Better question: What's so great about hubs?
Chicago, New York and Los Angeles just happen to be the three largest metro areas in the nation. Washington is about #6. Each is a gateway for every form of transportation simply because of the high volume of origination/destination traffic these markets generate.
The hub is a fairly recent invention, circa 1978. It reflects the economics of airline travel in the post-deregulation period and the composition of the post-deregulation fleet. The idea was to collect passengers from hither and yon as cheaply as possible, pack big jets as full as possible and fly them on segments as long as possible. Because hub-and-spoke operations don't depend on O/D traffic, you can put them anywhere there's sufficient runway and terminal capacity.
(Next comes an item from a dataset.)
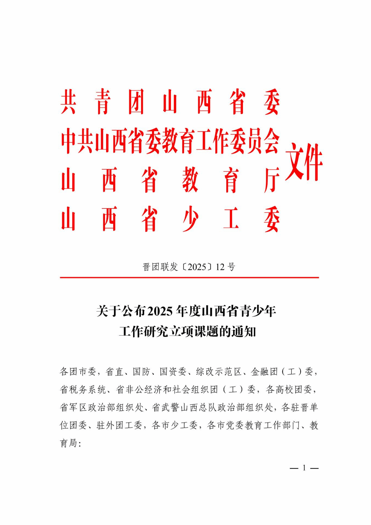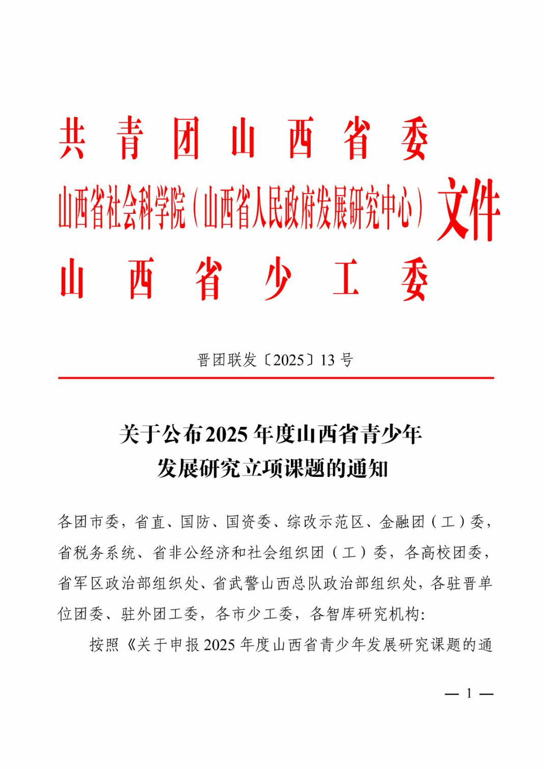 近日,2025年度山西省青少年发展研究课题立项名单和2025年度山西省青少年工作研究课题立项名单正式公布,beat365有8项课题获批立项。其中,山西省青少年发展研究课题获批5项,山西省青少年工作研究课题获批3项。

That's why Northwest has a hub in Memphis, Delta in Salt Lake, US Airways in Charlotte.
But trains are not planes.
Any train, particularly a long-distance train, functions much like a hub all by itself: It collects passengers from a variety of locations and distributes them to a variety of locations. Trains can function this way because the cost of a train stop is relatively small. Hub-and-spoke operation reflects the high cost of takeoff and landings.
And even in the airline business, the hub as we've come to understand it is about as cutting-edge as that other great traffic aggregator, the
regional shopping mall. Southwest NEVER bought into the hub-and-spoke model; its service has always been pooled around large O/D sources like Houston. (And by the way, that's why it's coming to Philly, apparently in force.) US has
cut its Pittsburgh hub way back, and American has done the same in St. Louis. Quite a few cities that were once hubs (Syracuse, Dayton, Nashville, Raleigh-Durham) aren't anymore. And then there's the regional jet, a class of commercial airfcraft that didn't exist when hub-and-spoke networks were first mapped out. Cheaper to fly and easier to fill, the RJ has a whole different set of economies of scale, so it's forcing a serious rethink of the network carriers' network structure. Call it the Kohl's or Best Buy of air travel.
Does Amtrak have hubs? Not in the airline sense. Does Amtrak need hubs? No.